In part 1 of this article, we explored the 3 first steps. We describe the remaining steps in this second instalment.
4 Automate deployments and updates
Deployments should be repeatable and fully automated. No-one should have access to production servers. Avoid having root access.
Use a configuration management tool for your infrastructure. Make sure OS configuration and firewall rules are managed centrally and have an audit trail.
Consider implementing services redundancy so security updates can be applied with no downtime.
Make sure your backups can be restored. Prefer cluster-wide, automated, consistent backups (including MySQL, writable mounts, Solr…).
5 Implement observability
Monitor CPU, Memory, Disk usage, and global latency (as seen by the user). Configure alerting at levels less than critical.
Integrate alerting with chatops (through Zapier, Hipchat, Slack) implement time-based rules for escalation (like PagerDuty).
Centralize logging, and make sure log access is protected.
Instrument production for app performance monitoring, use tools like Blackfire.io or NewRelic.
Keep a global audit log for changes to the application, the infrastructure, and user access rules.
Monitor cloud resources cost by implementing an optimisation strategy for instance reservations.
6 Implement high availability and scaling
Implement high availability and load balancing by deploying every service (including MySQL with Galera) to a cluster.
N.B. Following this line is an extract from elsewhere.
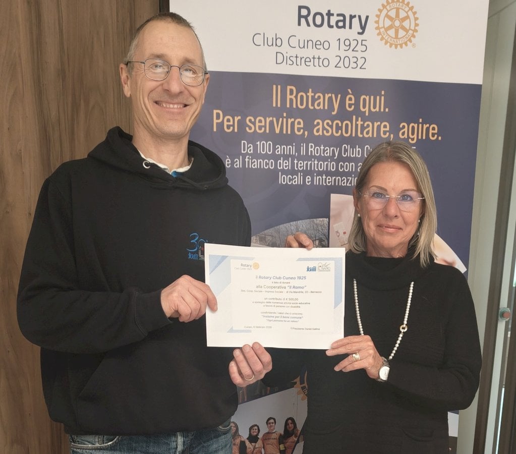 Il commento di Maria Gabriella Olivero, membro del Consiglio Direttivo: "Confermiamo la nostra attenzione alle realtà del territorio"Il Rotary Club Cuneo 1925, rappresentato dalla Dott.ssa Maria Gabriella Olivero, membro del Consiglio Direttivo, ha incontrato Luca Miglietti, Presidente della Cooperativa Sociale “Il Ramo”, per formalizzare una donazione di 500 euro a sostegno dei progetti educativi e inclusivi promossi dalla Cooperativa.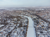 Aerial view of snow-covered houses near frozen river in Uralsk, Kazakhstan, during winter. c.

Prefer active-active replication when you can.
Implement automated failover. When a cluster member fails or misbehaves, have an automated procedure to kill it and create a new one.
Consider triple redundancy as the minimum per server to allow for zero-downtime scaling and security updates (so you can take one element offline and update it while still having redundancy).
Deploy to a cloud provider that offers instant creation of new machines, automate the creation of machines and their cluster configuration. Consider scaling first vertically (making each cluster member bigger) and only secondly horizontally (adding more members to each service cluster).
Serve all of your traffic through a CDN, consider using a multi-tiered approach (cheap CDN for static assets, full-featured CDN with global instant purging and tag based purging for the Drupal content).